The hearing comes just three days after Patrick Ricker, owner of the development company that had planned to transform 47 rural acres near Joint Base Andrews into a bustling community called Westphalia Center, was sentenced to one year in jail for his role in the wide-ranging pay-to-play scheme that also sent former County Executive Jack B. Johnson to prison.
The plan for the property — which was voted down by the Prince George's County District Council in June 2011 — called for infrastructure for 364 townhouses, 150 apartments and 8,000 square feet of retail space in a sparsely populated area northeast of Andrews.

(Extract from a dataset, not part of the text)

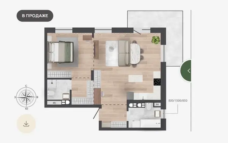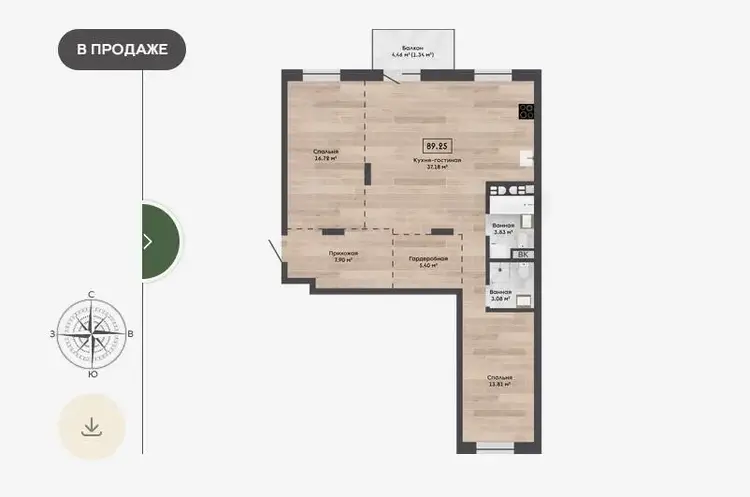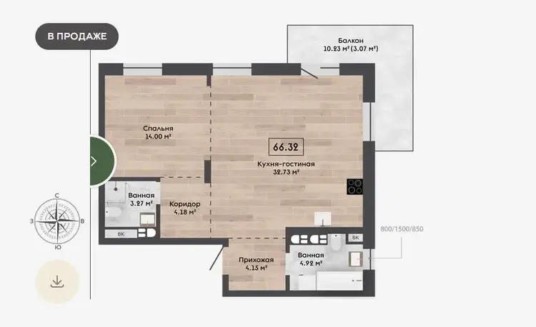 Метраж квартиры: по СНБ (с учетом балкона) — 36,42 м2; общий — 35,34 м2; жилые зоны (с учетом кухни-гостиной) — 27,8 м2.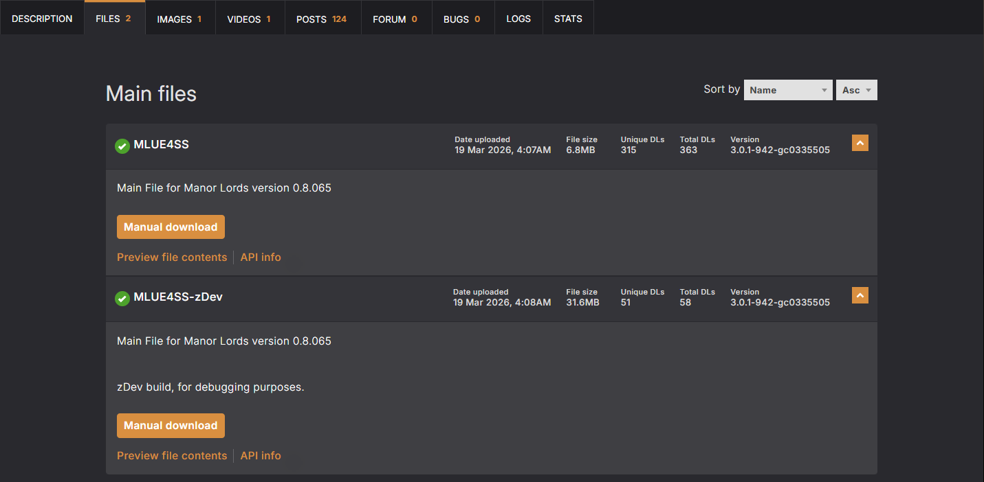 - MLUE4SS-zDev is a variant meant for Mod Authors or users interested in real-time debugging information.

The owner of the property, Evangel Cathedral, filed a civil suit in Prince George’s County Circuit Court a month later.
Steven Cain, who is listed as Ricker Brothers‘ resident agent on the company’s corporate charter, said he hadn’t been in contact with Ricker recently and wasn’t aware of whether he was still working on the project.
“I don’t believe I’m doing anything active for him,” Mr. Cain said.
A telephone number for Ricker Brothers Realty was disconnected on Friday.
Westphalia Center is a part of the much larger Westphalia Project development plan — which spans 6,000 acres and would have 15,000 new residential housing units, 1 million square feet of retail and 4 million square feet of office space anchored around a town center.
U.S. District Judge Peter J. Messitte on Friday sentenced Ricker, 53, to one year and a day in prison followed by three years of supervised release and ordered him to pay $250,000 restitution.
Ricker pleaded guilty in late 2009 to his role in bribing public officials in exchange for favorable official action on development plans, and for tax evasion.
His guilty plea was not made public until mid-2011, when Johnson pleaded guilty to two felony counts: extortion and conspiracy, and witness and evidence tampering.
Authorities said Ricker and co-conspirators provided goods and services to elected and government officials in exchange for obtaining approvals on two other development projects: the mixed-use Greenbelt Station development and a cluster of single-family homes to be built by Day Homes, Inc.
Ricker could not be reached for comment through his attorney Friday.
County officials declined to comment on the pending development plans.